Author wish to thank.

Acknowledgments

The majority of the history in this book was told to me by my mother, Bonnie Marie Schultetus (Pronunciation: Shultaytus) Brace, over fifty or sixty years. She told me stories all my life; at home or in the car or anywhere. If something reminded her of her childhood, she told the story in pretty thorough detail. We took a lot of trips to the home places, Meadow Farm and Rosevale Ranchlet; and these trips led to stories and explanations, and then of course answers to the questions I had to ask relating to the stories. Her life was so foreign to mine. She grew up on farms miles from a town, doing farm work without the implements that I knew farmers had even in the fifties. She lived in houses without the luxuries I grew up with, simple indoor plumbing, electricity, air conditioning. Even though this was common in the thirties and forties, it was astounding to me. So it made for very interesting telling.

When I told my children these stories, even they were amazed and asked for the same stories by name over and over. “Tell the story about the house burning down,” or “Tell the story about the horse running away.” When I told them to other children with their parents present, like on a trip, I was told, “You should write those in a book.”


As I got older and realized the immense value of this history, I was doubly inclined to ask for more stories. And then as I started to write about them, the least little mention of something made me have to dig deeper. So I asked more from Mom. Jules wrote me letters years ago. My Aunt Pauline was deluged with requests for answers, and then I realized that the lives of the oldest Schultetus children were so very different from the youngest. She sent me many emails and texts to fill in holes.

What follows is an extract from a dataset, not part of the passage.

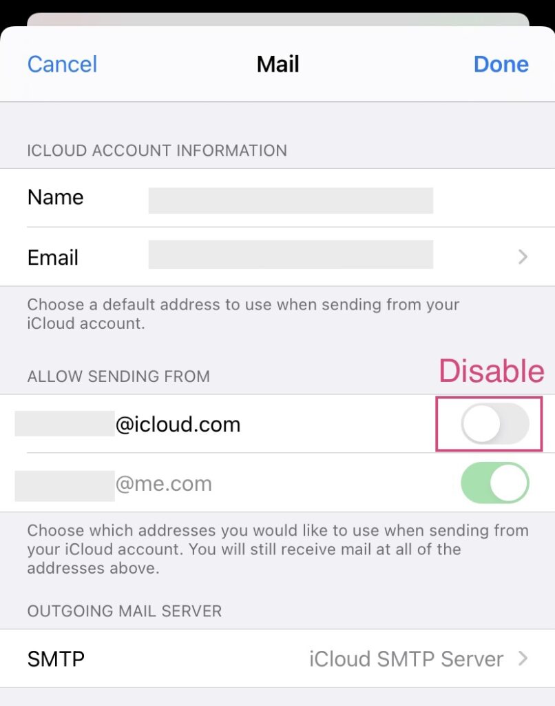 Disable secondary iCloud email sender address

Sometimes memories of the same situations differed, but also they had memories of different situations. Their lives were not the same. It could actually have been two different generations.
That in itself was strange to me. I only had one sister five years younger. Relatively, we were close together in age. They each had eleven siblings with births ranging from 1916 to 1939. Some of them never lived together in the same house, and there were only twelve for one month. The oldest siblings could have been the parents of the youngest and often had to assume that role. Times had changed.

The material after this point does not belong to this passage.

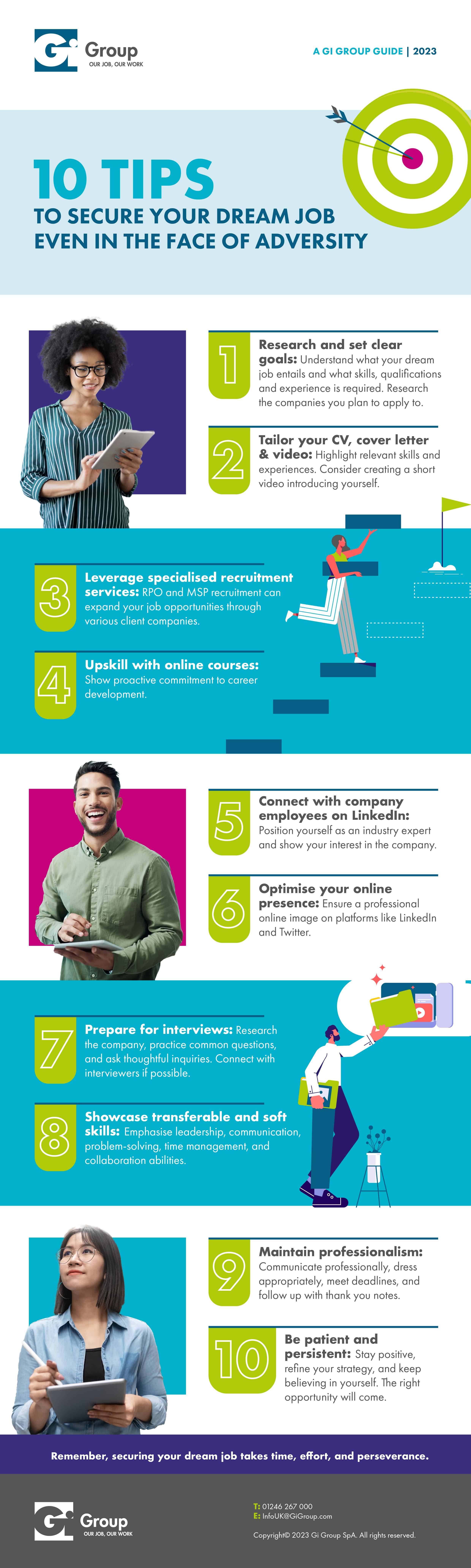 In this infographic, Gi Group sets out to give you 10 tips on how to secure your dream job. Getting that dream job doesn’t have to be impossible, especially if you know a few tips and tricks that can aid you in the process of getting it.

Toward the end of their lives the remaining five children, Bonnie, Azalea, Jules, Elsie, and Pauline, decided they should write down their memories. They compiled them in a wonderful volume titled Family Proud, an excellent name. Jules gave Pauline the duty of coming up with this title. Elsie thought it a bit prideful, and maybe it is. But it was written for their children and grandchildren, and you certainly want to instill a sense of pride in your descendants as to where they came from and who they are. I think it is far better to feel special than to be woeful and ashamed of your ancestors. So, I am personally glad to be part of this family written about in Family Proud. I have taken excerpts from this book. But I will have to admit, the default was always my mother. If there were different versions, I always went with her. She told so many of them when she was younger, and the memories were fresh, plus she was in the oldest half of the birth order. Many of her stories were written in the seventies when I first started this, and I would type them on an old word processor. So if I didn’t give credit to a certain sibling for a story it was because I relied instead on my mother’s version.

All through these pages, as I would read about the memories of the last five living children, I would whine and bemoan the fact that I couldn’t read the stories of the other seven children. But, at least we have what we have.